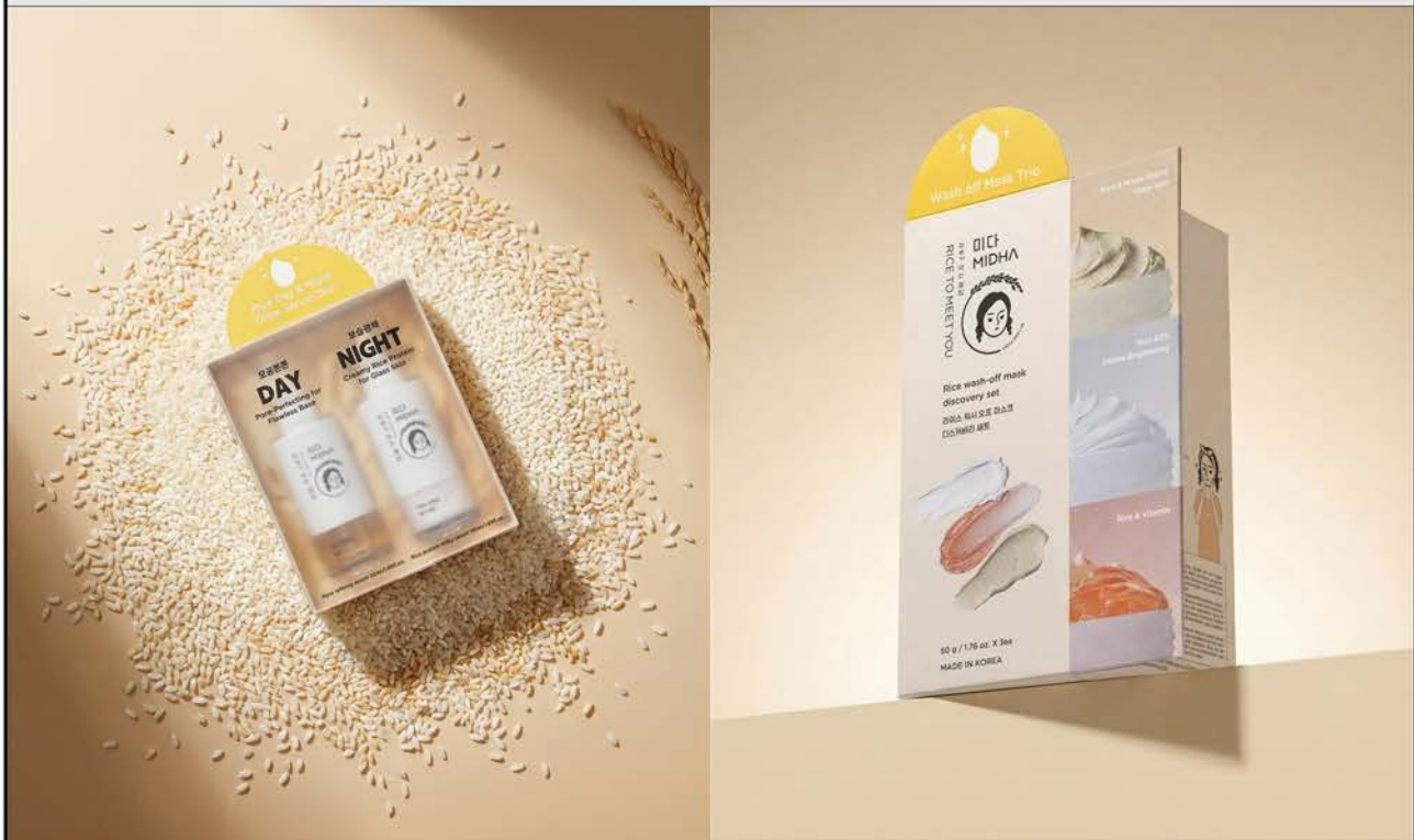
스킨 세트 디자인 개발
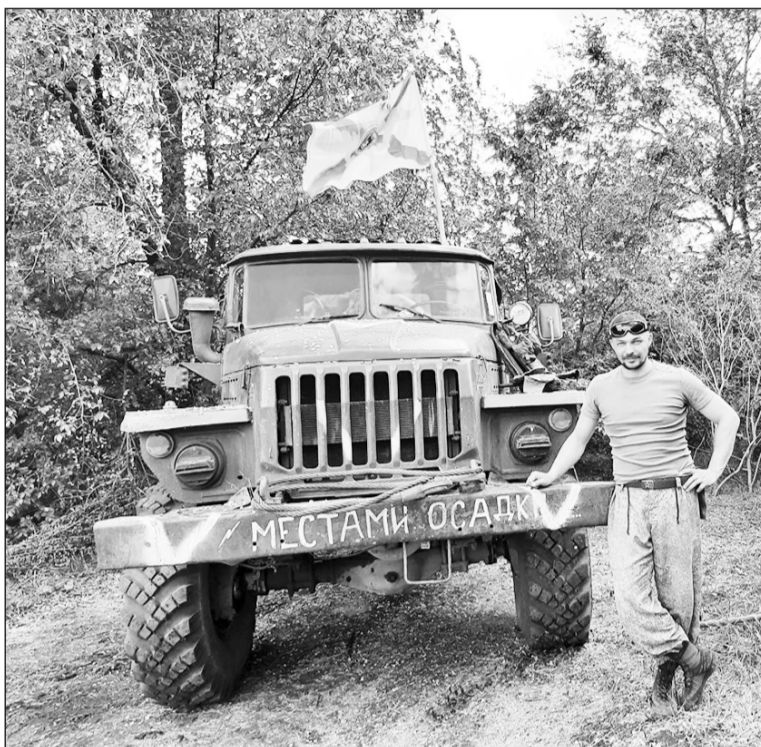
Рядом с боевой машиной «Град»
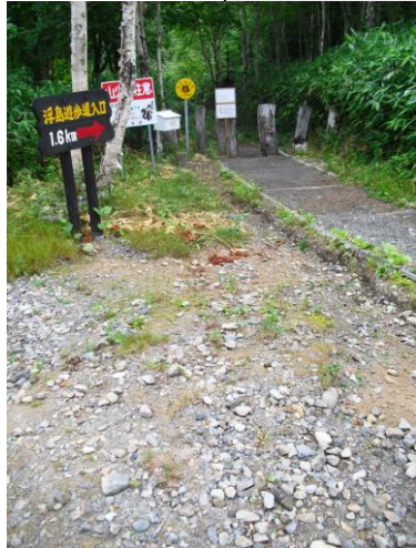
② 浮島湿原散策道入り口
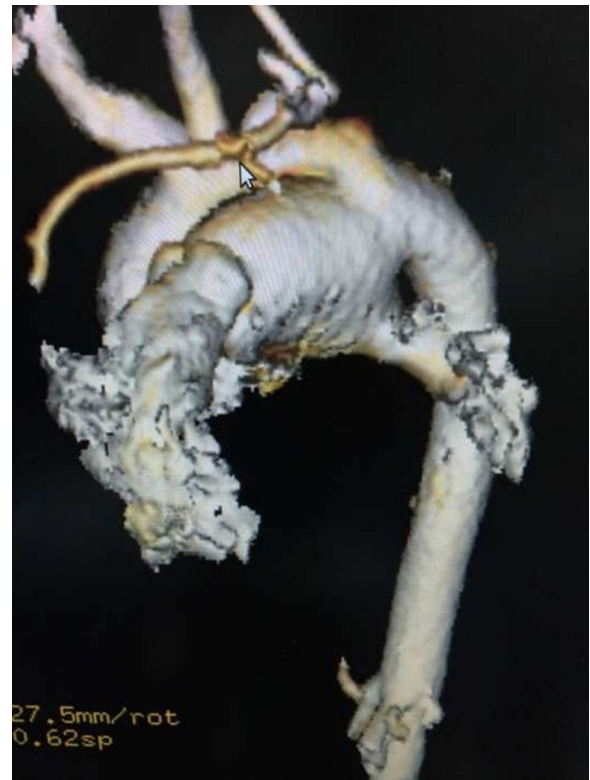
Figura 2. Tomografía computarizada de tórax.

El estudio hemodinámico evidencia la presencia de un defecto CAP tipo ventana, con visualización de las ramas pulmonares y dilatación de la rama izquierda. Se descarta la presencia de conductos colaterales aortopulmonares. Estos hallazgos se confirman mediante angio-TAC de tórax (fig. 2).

################

# [What is being asked]
Where the word "tórax" shows up in a line of the listing, return that line.

# [The answer]
Figura 2. Tomografía computarizada de tórax.
El estudio hemodinámico evidencia la presencia de un defecto CAP tipo ventana, con visualización de las ramas pulmonares y dilatación de la rama izquierda. Se descarta la presencia de conductos colaterales aortopulmonares. Estos hallazgos se confirman mediante angio-TAC de tórax (fig. 2).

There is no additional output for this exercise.